Warne the impersonator
Our beloved Shane has also been slotted as a special guest on the October 14 finale of the sitcom Kath & Kim. He plays Wayne, a Shane Warne impersonator who woos cricket-loving Sharon Strzelecki. Magda Szubanski, who plays Sharon, said she found Warne very charming while he was on the set.
The Jemima googly
Woman's Day "revealed" that it was Warne's affair with Jemima Khan that thwarted his most recent attempt to reconcile with his ex-wife, Simone Callahan. In an uncharacteristic move, Warne, for once, played spoilsport: "There's absolutely no truth in that one whatsoever," he told reporters in Melbourne.

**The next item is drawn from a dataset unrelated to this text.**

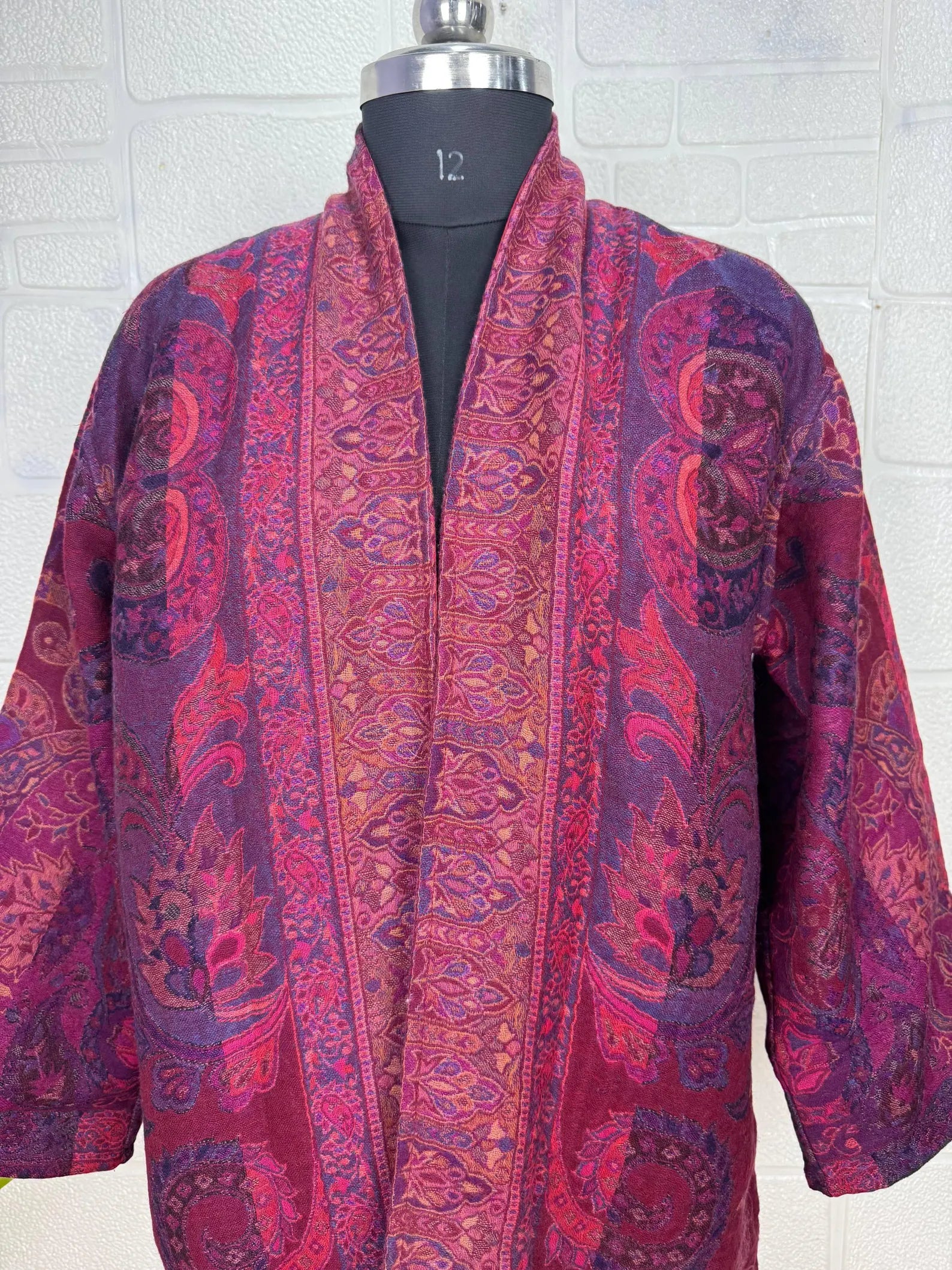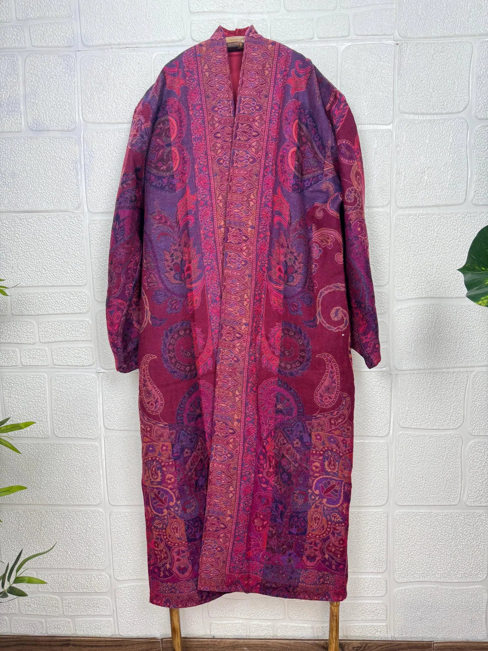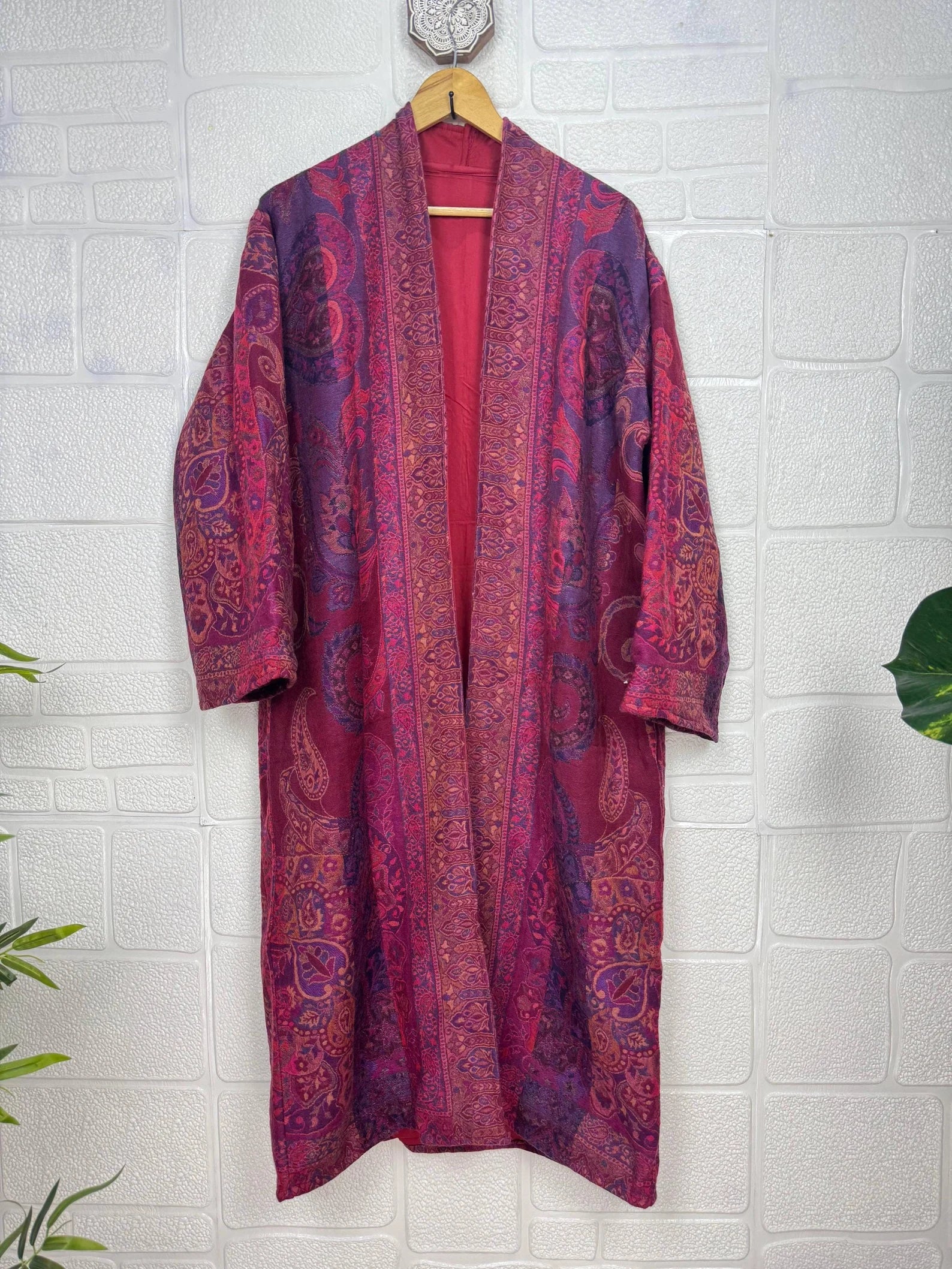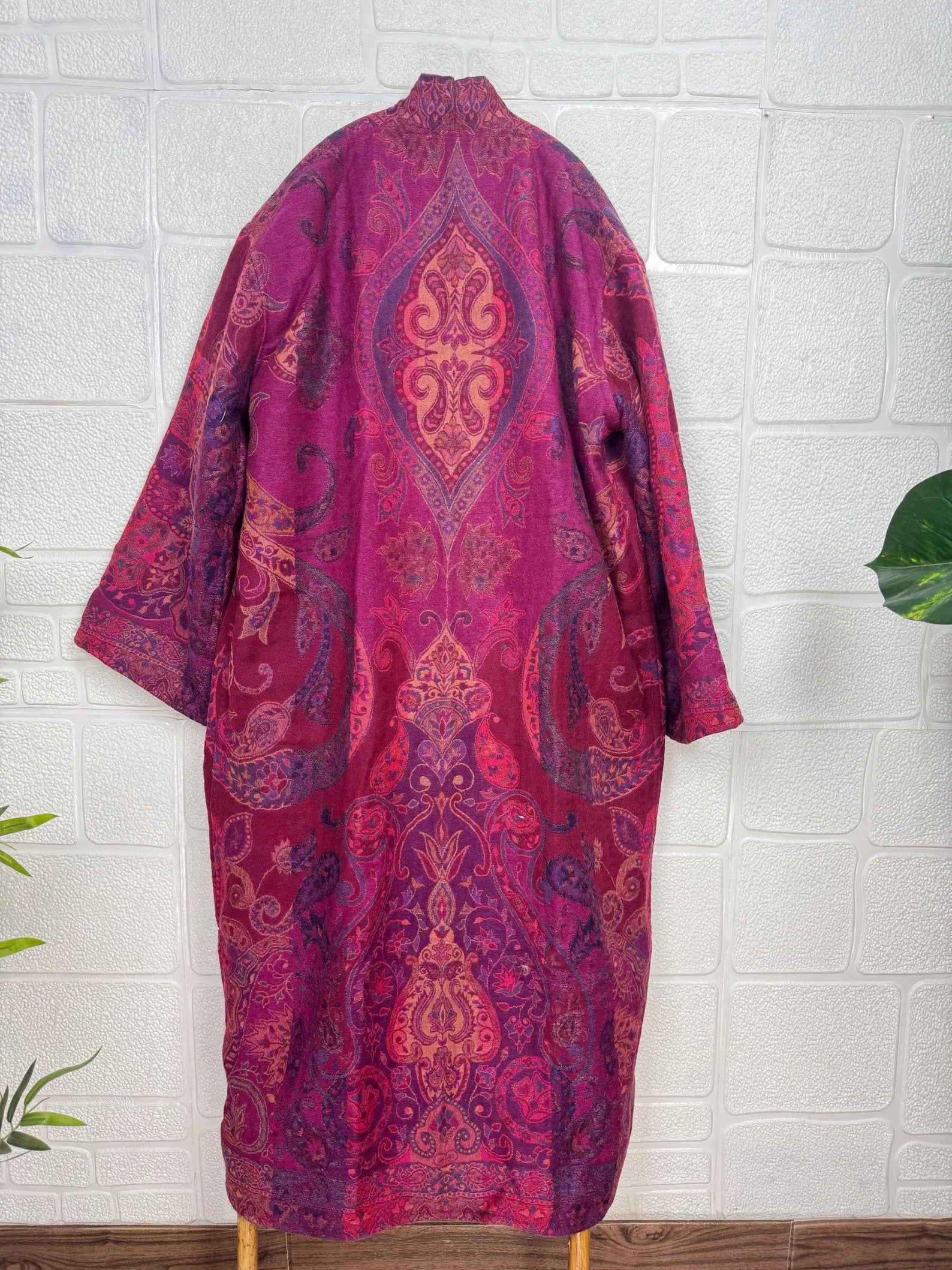 Luxurious Paisley Design Open Jacket Robe, crafted from gorgeous Boiled Merino wool. This piece is designed to provide warmth and elegance, lined on the inside for extra coziness, yet remaining light and comfortable.

Paul Collingwood: anyone for wildlife? © Getty Images
And now for the more run-of-the-mill happenings of the week
Flagging off
A Jalandhar-based lawyer has filed a complaint against the Indian team for "disrespecting" the national flag after they won the World Twenty20. The Flag Act of 1871 has been used for reference. The non-existent Joblessness Act of 1844 hasn't been evoked yet.
Colly and the snakepit
Collingwood and three other members of the England squad in Sri Lanka were left stunned by a two-metre long reptile that crossed their path on the way back to the team hotel. Colly, never one to complain, laughed it off with: "To be honest, we've all been blown away by the fantastic wildlife we've seen." The snakes, it is rumoured, might share the sentiment.
Journos take on Pope
Not the Pope but Philip Pope, the Australian media manager. More than a hundred members of the Indian media were left fuming when Pope announced after the ODi in Hyderabad that a press conference wouldn't begin until the Australian journalists arrived. This was a good 20 minutes after the conclusion of the game, which is when press conferences customarily begin. Ever heard of deadlines, Philip?
I am a rock
More from Hyderabad. A projectile was thrown through the window of the Australian team bus as they made their way back to the hotel. Sources close to the team said a boy launched the projectile from a hiding spot at the side of the road, the Sydney Morning Herald reported. No boys, or journalists, were pulled up.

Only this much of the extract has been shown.